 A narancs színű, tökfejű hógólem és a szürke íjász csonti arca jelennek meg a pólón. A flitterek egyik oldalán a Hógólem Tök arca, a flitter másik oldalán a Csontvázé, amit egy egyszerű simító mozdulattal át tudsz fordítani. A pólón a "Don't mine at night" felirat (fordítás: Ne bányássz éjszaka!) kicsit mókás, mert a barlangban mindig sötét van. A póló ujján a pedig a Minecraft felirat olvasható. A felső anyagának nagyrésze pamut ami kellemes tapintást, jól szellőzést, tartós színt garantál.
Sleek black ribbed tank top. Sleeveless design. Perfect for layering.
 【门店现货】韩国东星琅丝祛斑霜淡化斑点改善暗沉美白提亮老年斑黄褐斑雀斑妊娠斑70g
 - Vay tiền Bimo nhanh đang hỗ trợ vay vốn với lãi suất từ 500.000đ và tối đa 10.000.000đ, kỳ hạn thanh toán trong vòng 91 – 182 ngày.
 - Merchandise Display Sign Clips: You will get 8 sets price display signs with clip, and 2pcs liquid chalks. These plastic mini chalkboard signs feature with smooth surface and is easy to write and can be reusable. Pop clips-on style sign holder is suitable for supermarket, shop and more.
* * *
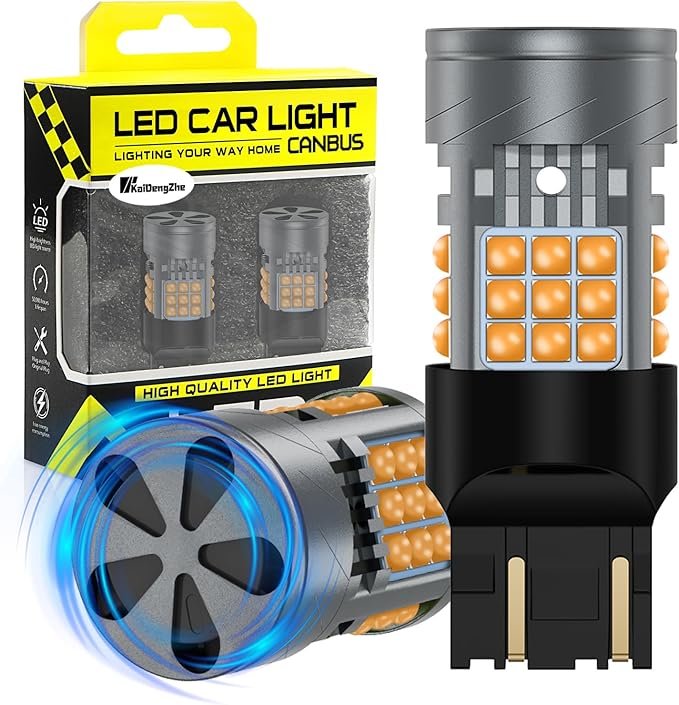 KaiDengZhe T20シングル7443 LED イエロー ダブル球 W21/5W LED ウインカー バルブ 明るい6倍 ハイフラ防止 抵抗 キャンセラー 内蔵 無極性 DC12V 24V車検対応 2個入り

WHAT YOU WILL DO: Using the records above, set down exactly the lines from the one with "Sleek black ribbed" through the one with "- Vay tiền Bimo", inclusive, and nothing more.

WRITTEN SOLUTION:
Sleek black ribbed tank top. Sleeveless design. Perfect for layering.
 【门店现货】韩国东星琅丝祛斑霜淡化斑点改善暗沉美白提亮老年斑黄褐斑雀斑妊娠斑70g
 - Vay tiền Bimo nhanh đang hỗ trợ vay vốn với lãi suất từ 500.000đ và tối đa 10.000.000đ, kỳ hạn thanh toán trong vòng 91 – 182 ngày.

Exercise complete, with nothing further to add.